Re: [PATCH V4 07/13] fs: Add locking for a dynamic address space operations state

From: Christoph Hellwig
Date: Mon Feb 24 2020 - 12:56:08 EST


On Sat, Feb 22, 2020 at 09:44:19AM +1100, Dave Chinner wrote:
> > I am very much against this. There is a reason why we don't support
> > changes of ops vectors at runtime anywhere else, because it is
> > horribly complicated and impossible to get right. IFF we ever want
> > to change the DAX vs non-DAX mode (which I'm still not sold on) the
> > right way is to just add a few simple conditionals and merge the
> > aops, which is much easier to reason about, and less costly in overall
> > overhead.
>
> *cough*
>
> That's exactly what the original code did.
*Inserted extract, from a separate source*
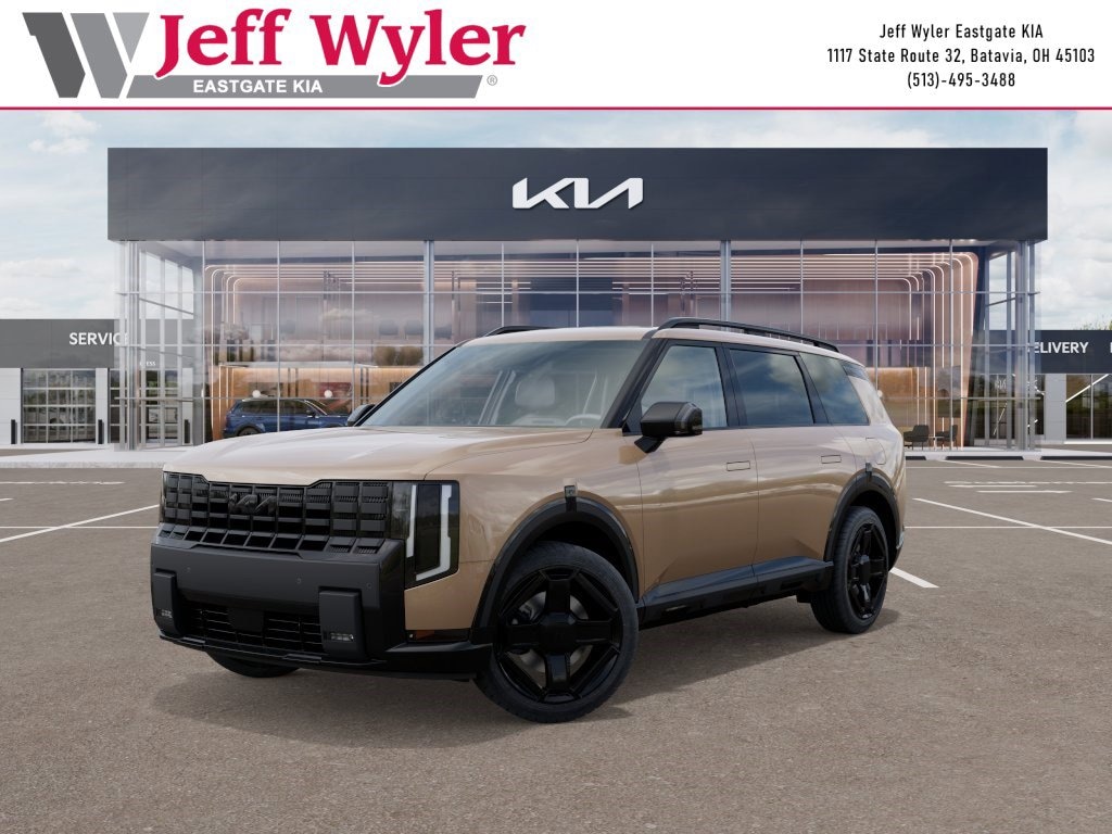 Terrain Brown 2027 Kia Telluride X-Line EX 2.5L I4 DGI Turbocharged DOHC 16V LEV3-SULEV30 274hp AWD 8-Speed Automatic Jeff Wyler Eastgate Auto Mall is delighted to offer this stunning 2027 Kia Telluride X-Line EX in Terrain Brown. Well equipped with: 3rd row seats: split-bench, 4-Wheel Disc Brakes, 8 Speakers, ABS brakes, Air Conditioning, Alloy wheels, AM/FM radio: SiriusXM, Apple CarPlay & Android Auto, Auto High-beam Headlights, Auto-Dimming Mirror with HomeLink (PnP), Auto-dimming Rear-View mirror, Auto-leveling suspension, Automatic temperature control, Brake assist, Bumpers: body-color, Carpeted Floor Mats, Compass, Delay-off headlights, Driver door bin, Driver vanity mirror, Dual front impact airbags, Dual front side impact airbags, Electronic Stability Control, Emergency communication system: 911 Connect, Exterior Parking Camera Rear, Four wheel independent suspension, Front anti-roll bar, Front Bucket Seats, Front Center Armrest, Front dual zone A/C, Front reading lights, Fully automatic headlights, Heated and Ventilated Front Bucket Seats, Heated door mirrors, Heated front seats, Heated steering wheel, Illuminated entry, Knee airbag, Low tire pressure warning, Navigation System, Occupant sensing airbag, Outside temperature display, Overhead airbag, Overhead console, Panic alarm, Passenger door bin, Passenger vanity mirror, Power door mirrors, Power driver seat, Power Liftgate, Power moonroof, Power passenger seat, Power steering, Power windows, Radio data system, Radio: AM/FM Display Audio System, Rear air conditioning, Rear anti-roll bar, Rear reading lights, Rear side impact airbag, Rear window defroster, Rear window wiper, Reclining 3rd row seat, Remote keyless entry, Security system, Speed control, Speed-sensing steering, Split folding rear seat, Spoiler, Steering wheel mounted audio controls, SynTex Seat Trim, Tachometer, Telescoping steering wheel, Tilt steering wheel, Traction control, Trip computer, Turn signal indicator mirrors, Variably intermittent wipers, Ventilated front seats, and Wheels: 21" x 8" X-LINE Exclusive Type An Alloy.

And it was broken
> because page faults call multiple aops that are dependent on the
> result of the previous aop calls setting up the state correctly for
> the latter calls. And when S_DAX changes between those calls, shit
> breaks.

No, the original code was broken because it didn't serialize between
DAX and buffer access.

Take a step back and look where the problems are, and they are not
mostly with the aops. In fact the only aop useful for DAX is
is ->writepages, and how it uses ->writepages is actually a bit of
an abuse of that interface.

So what we really need it just a way to prevent switching the flag
when a file is mapped, and in the normal read/write path ensure the
flag can't be switch while I/O is going on, which could either be
done by ensuring it is only switched under i_rwsem or equivalent
protection, or by setting the DAX flag once in the iocb similar to
IOCB_DIRECT.

And they easiest way to get all this done is as a first step to
just allowing switching the flag when no blocks are allocated at
all, similar to how the rt flag works. Once that works properly
and use cases show up we can relax the requirements, and we need
to do that in a way without bloating the inode and various VFS
code paths, as DAX is a complete fringe feature, and Ñwitching
the flag and runtime is the fringe of a fringe. It just isn't worth
bloating the inode and wasting tons of developer time on it.